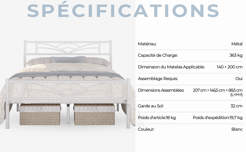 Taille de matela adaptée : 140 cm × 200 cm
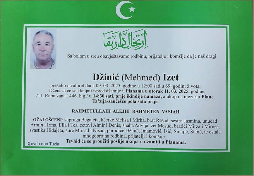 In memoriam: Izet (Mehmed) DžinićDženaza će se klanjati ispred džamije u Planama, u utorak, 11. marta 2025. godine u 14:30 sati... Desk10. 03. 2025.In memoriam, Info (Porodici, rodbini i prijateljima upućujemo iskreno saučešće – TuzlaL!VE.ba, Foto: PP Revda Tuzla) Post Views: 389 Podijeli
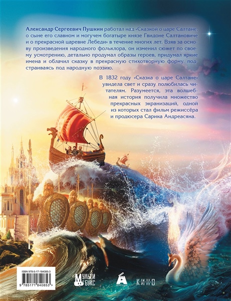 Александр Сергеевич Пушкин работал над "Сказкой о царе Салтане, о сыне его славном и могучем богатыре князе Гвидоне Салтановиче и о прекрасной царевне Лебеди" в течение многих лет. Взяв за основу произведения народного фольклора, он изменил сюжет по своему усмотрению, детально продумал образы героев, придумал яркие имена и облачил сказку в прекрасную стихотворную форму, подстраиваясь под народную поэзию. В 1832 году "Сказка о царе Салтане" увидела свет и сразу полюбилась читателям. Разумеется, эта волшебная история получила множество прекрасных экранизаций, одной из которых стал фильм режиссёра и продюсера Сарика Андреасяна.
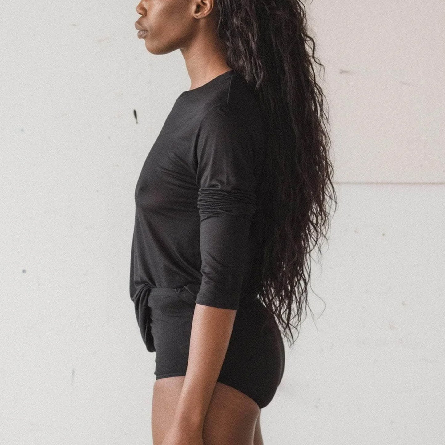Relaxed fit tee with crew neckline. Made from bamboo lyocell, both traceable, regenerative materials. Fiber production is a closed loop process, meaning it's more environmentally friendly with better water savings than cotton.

> [Work required]: Please print the data above in its entirety, exactly, but without any picture.

> [Output]:
 Taille de matela adaptée : 140 cm × 200 cm
 In memoriam: Izet (Mehmed) DžinićDženaza će se klanjati ispred džamije u Planama, u utorak, 11. marta 2025. godine u 14:30 sati... Desk10. 03. 2025.In memoriam, Info (Porodici, rodbini i prijateljima upućujemo iskreno saučešće – TuzlaL!VE.ba, Foto: PP Revda Tuzla) Post Views: 389 Podijeli
 Александр Сергеевич Пушкин работал над "Сказкой о царе Салтане, о сыне его славном и могучем богатыре князе Гвидоне Салтановиче и о прекрасной царевне Лебеди" в течение многих лет. Взяв за основу произведения народного фольклора, он изменил сюжет по своему усмотрению, детально продумал образы героев, придумал яркие имена и облачил сказку в прекрасную стихотворную форму, подстраиваясь под народную поэзию. В 1832 году "Сказка о царе Салтане" увидела свет и сразу полюбилась читателям. Разумеется, эта волшебная история получила множество прекрасных экранизаций, одной из которых стал фильм режиссёра и продюсера Сарика Андреасяна.
Relaxed fit tee with crew neckline. Made from bamboo lyocell, both traceable, regenerative materials. Fiber production is a closed loop process, meaning it's more environmentally friendly with better water savings than cotton.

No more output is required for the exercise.